• [Assignment]: Copy each line of the listing below exactly and drop the images.

• [Stored data]:
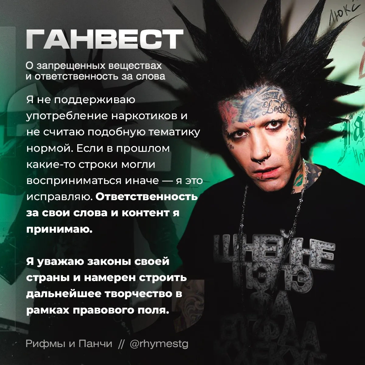 Он принял решение зацензурить и переработать часть своих треков, чтобы соответствовать требованиям законодательства РФ. Руслан уточнил, что принимает ответственность за свои слова и контент. Также он заявил, что не поддерживает употребление наркотиков и не считает это нормой
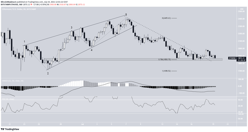 Sponsored SponsoredETH только что совершил бычий пробой линии нисходящего сопротивления (пунктир), которая присутствовала на графике с 7 июля. На момент написания торги проходили внутри области горизонтальной поддержки на $1 850 (уровень Фибо 0.786 коррекции).
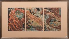 Yoshitsuya Utagawa Yoshitora (actief circa 1850-1880), drieluik: een gevecht met zwarte magie in de bergen, Japanse houtblokdruk, samen ingelijst -defecten aan randen papier-, totale beeldmaat 35 × 79 cm

• [Response to this task]:
 Он принял решение зацензурить и переработать часть своих треков, чтобы соответствовать требованиям законодательства РФ. Руслан уточнил, что принимает ответственность за свои слова и контент. Также он заявил, что не поддерживает употребление наркотиков и не считает это нормой
 Sponsored SponsoredETH только что совершил бычий пробой линии нисходящего сопротивления (пунктир), которая присутствовала на графике с 7 июля. На момент написания торги проходили внутри области горизонтальной поддержки на $1 850 (уровень Фибо 0.786 коррекции).
 Yoshitsuya Utagawa Yoshitora (actief circa 1850-1880), drieluik: een gevecht met zwarte magie in de bergen, Japanse houtblokdruk, samen ingelijst -defecten aan randen papier-, totale beeldmaat 35 × 79 cm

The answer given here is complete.